Wills & Trusts
Estate Administration
The unified gift and estate tax structure permits an unlimited marital deduction for transfers of property between spouses. Thus, when both spouses are living, they are free to transfer ownership of property between them as they see fit, without any gift tax. Likewise, the unlimited marital deduction effectively allows the first spouse to die to leave his or her entire estate to the surviving spouse, with no estate tax liability, regardless of the size of his or her estate.
A QTIP trust can be a testamentary trust (created in the decedent’s will) or a continuing trust built into the decedent’s revocable trust. Either way a QTIP trust is designed to provide a life income interest to the surviving spouse with a direction that trust assets may not be used for anyone other than the surviving spouse during the surviving spouse’s lifetime.
Before 1982, an individual was required to make an outright bequest to a spouse in order for the gifted property to qualify for the unlimited marital deduction.
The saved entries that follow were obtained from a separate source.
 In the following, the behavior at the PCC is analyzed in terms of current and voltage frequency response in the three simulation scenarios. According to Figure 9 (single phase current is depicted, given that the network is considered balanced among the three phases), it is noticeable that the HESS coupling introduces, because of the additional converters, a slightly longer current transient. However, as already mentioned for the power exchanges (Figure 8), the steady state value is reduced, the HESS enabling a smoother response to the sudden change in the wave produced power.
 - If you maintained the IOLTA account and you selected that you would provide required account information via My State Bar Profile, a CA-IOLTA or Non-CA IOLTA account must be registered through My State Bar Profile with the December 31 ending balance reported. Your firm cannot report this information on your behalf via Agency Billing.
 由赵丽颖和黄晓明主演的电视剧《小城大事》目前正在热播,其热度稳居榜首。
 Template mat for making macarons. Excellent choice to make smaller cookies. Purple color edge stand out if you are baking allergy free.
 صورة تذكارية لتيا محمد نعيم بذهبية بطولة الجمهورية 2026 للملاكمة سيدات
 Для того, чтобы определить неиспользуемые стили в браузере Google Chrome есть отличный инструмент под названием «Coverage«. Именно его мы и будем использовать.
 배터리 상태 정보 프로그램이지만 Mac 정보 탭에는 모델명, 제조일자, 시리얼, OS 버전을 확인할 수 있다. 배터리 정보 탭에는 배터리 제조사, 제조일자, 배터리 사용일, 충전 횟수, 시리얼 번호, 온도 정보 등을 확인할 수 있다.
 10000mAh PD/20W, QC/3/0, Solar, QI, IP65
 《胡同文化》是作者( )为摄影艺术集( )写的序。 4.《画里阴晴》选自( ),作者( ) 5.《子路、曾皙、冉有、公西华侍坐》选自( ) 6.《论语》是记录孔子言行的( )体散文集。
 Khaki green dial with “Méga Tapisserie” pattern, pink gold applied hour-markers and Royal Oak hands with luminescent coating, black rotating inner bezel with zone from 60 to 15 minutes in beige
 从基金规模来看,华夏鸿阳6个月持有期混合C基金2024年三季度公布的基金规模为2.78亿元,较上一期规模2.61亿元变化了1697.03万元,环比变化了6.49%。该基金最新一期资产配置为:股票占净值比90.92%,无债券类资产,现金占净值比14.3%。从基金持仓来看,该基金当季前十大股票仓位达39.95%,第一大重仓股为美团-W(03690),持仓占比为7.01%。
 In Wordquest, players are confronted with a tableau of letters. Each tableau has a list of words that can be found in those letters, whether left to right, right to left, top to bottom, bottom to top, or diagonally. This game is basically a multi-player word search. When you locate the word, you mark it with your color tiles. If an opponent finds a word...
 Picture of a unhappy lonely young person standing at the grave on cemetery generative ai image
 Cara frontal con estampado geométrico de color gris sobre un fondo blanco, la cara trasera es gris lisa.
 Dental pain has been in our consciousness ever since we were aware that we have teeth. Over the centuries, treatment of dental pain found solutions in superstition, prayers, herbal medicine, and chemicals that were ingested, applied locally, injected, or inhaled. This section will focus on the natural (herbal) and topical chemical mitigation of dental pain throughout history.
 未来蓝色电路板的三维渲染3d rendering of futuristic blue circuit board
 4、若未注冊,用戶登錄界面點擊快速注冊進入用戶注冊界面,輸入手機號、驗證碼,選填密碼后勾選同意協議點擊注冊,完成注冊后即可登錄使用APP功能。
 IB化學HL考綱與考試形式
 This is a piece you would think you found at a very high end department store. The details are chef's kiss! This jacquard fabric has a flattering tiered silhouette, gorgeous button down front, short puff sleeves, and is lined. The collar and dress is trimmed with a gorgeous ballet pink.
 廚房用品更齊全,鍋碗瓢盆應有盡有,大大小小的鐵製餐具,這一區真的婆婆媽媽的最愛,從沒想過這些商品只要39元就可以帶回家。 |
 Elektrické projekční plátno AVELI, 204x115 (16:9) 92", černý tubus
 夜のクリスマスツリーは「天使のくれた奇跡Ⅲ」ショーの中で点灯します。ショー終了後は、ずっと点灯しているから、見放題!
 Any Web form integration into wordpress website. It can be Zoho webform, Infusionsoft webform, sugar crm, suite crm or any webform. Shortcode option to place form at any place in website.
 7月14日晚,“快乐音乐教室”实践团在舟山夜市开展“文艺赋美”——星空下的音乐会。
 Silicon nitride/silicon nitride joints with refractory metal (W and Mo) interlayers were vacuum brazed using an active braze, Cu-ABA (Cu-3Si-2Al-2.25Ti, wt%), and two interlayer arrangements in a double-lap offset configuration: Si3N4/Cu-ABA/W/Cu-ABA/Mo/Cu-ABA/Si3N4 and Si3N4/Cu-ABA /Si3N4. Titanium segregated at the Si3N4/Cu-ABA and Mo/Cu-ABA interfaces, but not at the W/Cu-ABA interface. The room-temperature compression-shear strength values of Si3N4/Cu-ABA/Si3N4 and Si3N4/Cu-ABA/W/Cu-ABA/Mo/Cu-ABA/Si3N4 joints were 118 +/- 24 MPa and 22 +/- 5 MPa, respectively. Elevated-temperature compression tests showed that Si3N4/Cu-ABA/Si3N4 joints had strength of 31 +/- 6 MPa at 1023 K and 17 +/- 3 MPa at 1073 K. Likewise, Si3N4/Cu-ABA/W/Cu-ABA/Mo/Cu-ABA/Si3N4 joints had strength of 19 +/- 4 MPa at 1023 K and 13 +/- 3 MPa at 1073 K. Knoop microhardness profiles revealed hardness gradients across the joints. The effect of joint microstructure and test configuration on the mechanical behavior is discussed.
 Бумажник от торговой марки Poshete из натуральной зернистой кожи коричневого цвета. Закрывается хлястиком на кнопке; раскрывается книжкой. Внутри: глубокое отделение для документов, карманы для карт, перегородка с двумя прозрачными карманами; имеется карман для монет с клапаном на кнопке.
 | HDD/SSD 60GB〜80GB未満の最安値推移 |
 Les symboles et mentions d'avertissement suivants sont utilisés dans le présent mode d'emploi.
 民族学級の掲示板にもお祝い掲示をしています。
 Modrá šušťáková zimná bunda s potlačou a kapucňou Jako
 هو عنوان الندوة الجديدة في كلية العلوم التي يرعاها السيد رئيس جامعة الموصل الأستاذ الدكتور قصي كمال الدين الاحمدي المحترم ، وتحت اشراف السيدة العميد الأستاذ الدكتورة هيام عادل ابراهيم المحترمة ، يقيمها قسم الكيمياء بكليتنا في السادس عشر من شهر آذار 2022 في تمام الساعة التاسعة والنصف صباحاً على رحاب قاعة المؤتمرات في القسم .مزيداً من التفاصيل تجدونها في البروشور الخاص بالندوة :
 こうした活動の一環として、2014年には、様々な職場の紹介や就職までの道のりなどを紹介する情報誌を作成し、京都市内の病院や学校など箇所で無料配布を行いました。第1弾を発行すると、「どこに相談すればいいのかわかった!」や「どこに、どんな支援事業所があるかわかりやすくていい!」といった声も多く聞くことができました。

Thus, the individual was forced to make a difficult choice between utilizing the marital deduction to preserve estate assets and running the risk of those assets ending up in the hands of a surviving spouse’s new family in the event of remarriage.
QTIP trusts allow the first spouse to die to control the ultimate disposition of his or her property after the death of the surviving spouse. QTIP trusts are often used for this purpose. This is especially common when the spouses have been previously married and have children from prior marriages (so-called Blended Families).